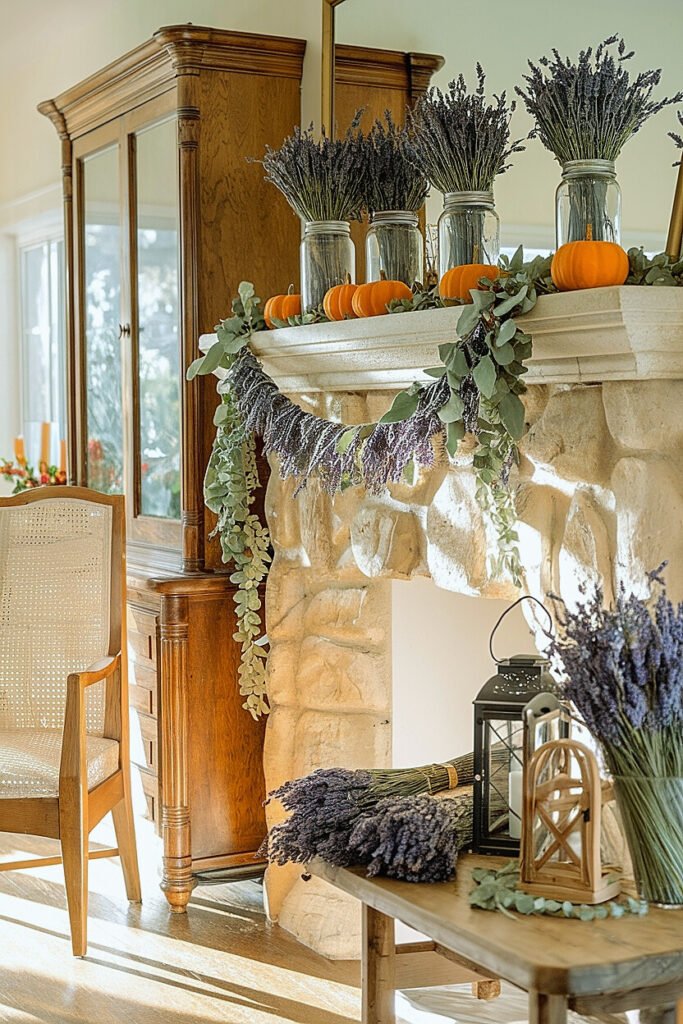 How to Style Lavender Thanksgiving Garlands on Farmhouse Mantels
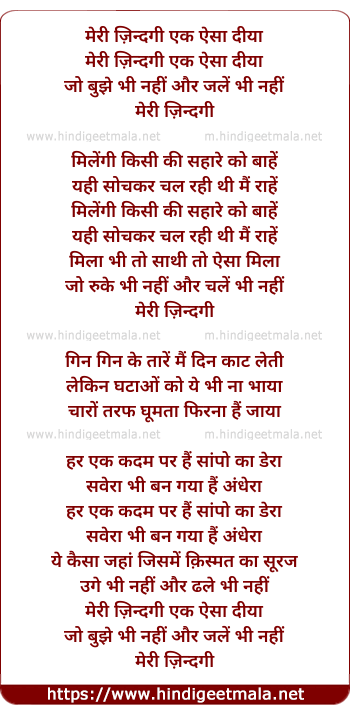Lyrics of Meri Zindagi Ek Aisa Diya - मेरी ज़िन्दगी एक ऐसा दीया
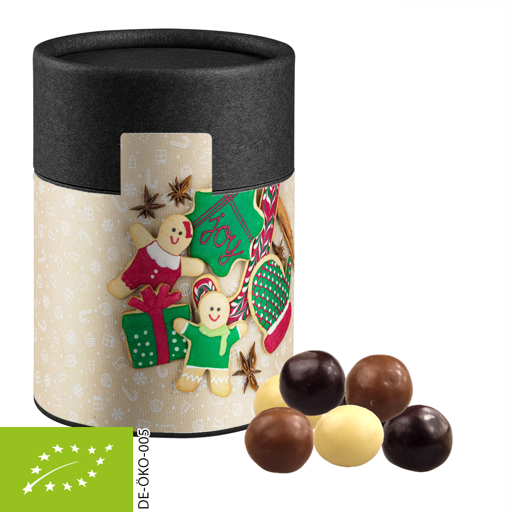 Bio Knusperkugeln-Mix, ca. 50g, Kraftpapierdose Midi schwarz
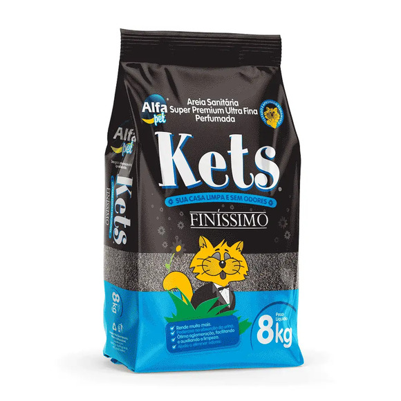 Areia Kets FiníssimoA Areia Higiênica Kets Finíssimo para gatos é um produto com o selo super premium de qualidade. Fabricada com grãos ultrafinos o produto se destaca pela retenção de odores e por deixar o ambiente levemente perfumado com fragrância herbal.Areia Kets Finíssimo é boa?Areia Kets Finíssimo é boa pois sua fórmula com minério de bentonita garante uma absorção até 30 vezes maior da urina dos felinos. Além disso o seu granulado não gruda nas patas do pet e forma torrões bem firmes o que evita o desperdício da areia do gato e gera economia para o tutor.Areia Kets Finíssimo: como usarA Areia Kets Finíssimo é muito fácil de usar. Coloque a areia de gato na caixa até atingir 6 a 7cm de altura. Dessa maneira você evita que o granulado grude no fundo e ajuda o seu animal de estimação a enterrar as fezes.Ao menos duas vezes por dia retire as fezes e os torrões com o auxílio de uma pá higiênica. Em seguida coloque em saco e faça o descarte junto ao lixo comum da casa. Se possível use luvas na hora de fazer a higienização e evite contato com vermes e parasitas presentes nos dejetos do animal.Importante: não faça o descarte da areia para gato Kets no vaso sanitário pois pode ocorrer entupimento do encanamento.Areia Kets do jeito que seu gato gostaA Kets possui uma linha completa de areias para gatos. Além da Areia Kets Finíssimo no pet shop online da você encontra as seguintes opções:Areia Higiênica Kets.Granulado Higiênico Kets Madeira para Gatos.Areia Higiênica Kets Premium.Granulado Higiênico Kets Criadores White.Areia Higiênica Kets Finíssimo.Areia Higiênica Kets Premium Perfumada.Areia Kets é um produto AlfaPetA Kets é uma areia sanitária para gatos produzida pela AlfaPet uma empresa brasileira com mais de 20 anos de experiência no mercado pet. A alta qualidade de seus produtos 100% naturais colocou a AlfaPet como uma das grandes indústrias do segmento do país.Areia Kets Finíssimo com preço baixo é na Está em busca da Areia Kets Finíssimo com preço baixo para oferecer o melhor para o seu animal de estimação por um valor que cabe no seu bolso? No pet shop online da você tem as melhores ofertas de caixas de areia e acessórios de higiene para gatos e ainda pode agendar a entrega do pedido com a Compra Programada. Aproveite!
● ● ● ● ●
| WHAT THE TASK ASKS |
The material is to be written out word for word, and the pictures are to be left out.

| FINISHED EXERCISE |
 How to Style Lavender Thanksgiving Garlands on Farmhouse Mantels
Lyrics of Meri Zindagi Ek Aisa Diya - मेरी ज़िन्दगी एक ऐसा दीया
 Bio Knusperkugeln-Mix, ca. 50g, Kraftpapierdose Midi schwarz
 Areia Kets FiníssimoA Areia Higiênica Kets Finíssimo para gatos é um produto com o selo super premium de qualidade. Fabricada com grãos ultrafinos o produto se destaca pela retenção de odores e por deixar o ambiente levemente perfumado com fragrância herbal.Areia Kets Finíssimo é boa?Areia Kets Finíssimo é boa pois sua fórmula com minério de bentonita garante uma absorção até 30 vezes maior da urina dos felinos. Além disso o seu granulado não gruda nas patas do pet e forma torrões bem firmes o que evita o desperdício da areia do gato e gera economia para o tutor.Areia Kets Finíssimo: como usarA Areia Kets Finíssimo é muito fácil de usar. Coloque a areia de gato na caixa até atingir 6 a 7cm de altura. Dessa maneira você evita que o granulado grude no fundo e ajuda o seu animal de estimação a enterrar as fezes.Ao menos duas vezes por dia retire as fezes e os torrões com o auxílio de uma pá higiênica. Em seguida coloque em saco e faça o descarte junto ao lixo comum da casa. Se possível use luvas na hora de fazer a higienização e evite contato com vermes e parasitas presentes nos dejetos do animal.Importante: não faça o descarte da areia para gato Kets no vaso sanitário pois pode ocorrer entupimento do encanamento.Areia Kets do jeito que seu gato gostaA Kets possui uma linha completa de areias para gatos. Além da Areia Kets Finíssimo no pet shop online da você encontra as seguintes opções:Areia Higiênica Kets.Granulado Higiênico Kets Madeira para Gatos.Areia Higiênica Kets Premium.Granulado Higiênico Kets Criadores White.Areia Higiênica Kets Finíssimo.Areia Higiênica Kets Premium Perfumada.Areia Kets é um produto AlfaPetA Kets é uma areia sanitária para gatos produzida pela AlfaPet uma empresa brasileira com mais de 20 anos de experiência no mercado pet. A alta qualidade de seus produtos 100% naturais colocou a AlfaPet como uma das grandes indústrias do segmento do país.Areia Kets Finíssimo com preço baixo é na Está em busca da Areia Kets Finíssimo com preço baixo para oferecer o melhor para o seu animal de estimação por um valor que cabe no seu bolso? No pet shop online da você tem as melhores ofertas de caixas de areia e acessórios de higiene para gatos e ainda pode agendar a entrega do pedido com a Compra Programada. Aproveite!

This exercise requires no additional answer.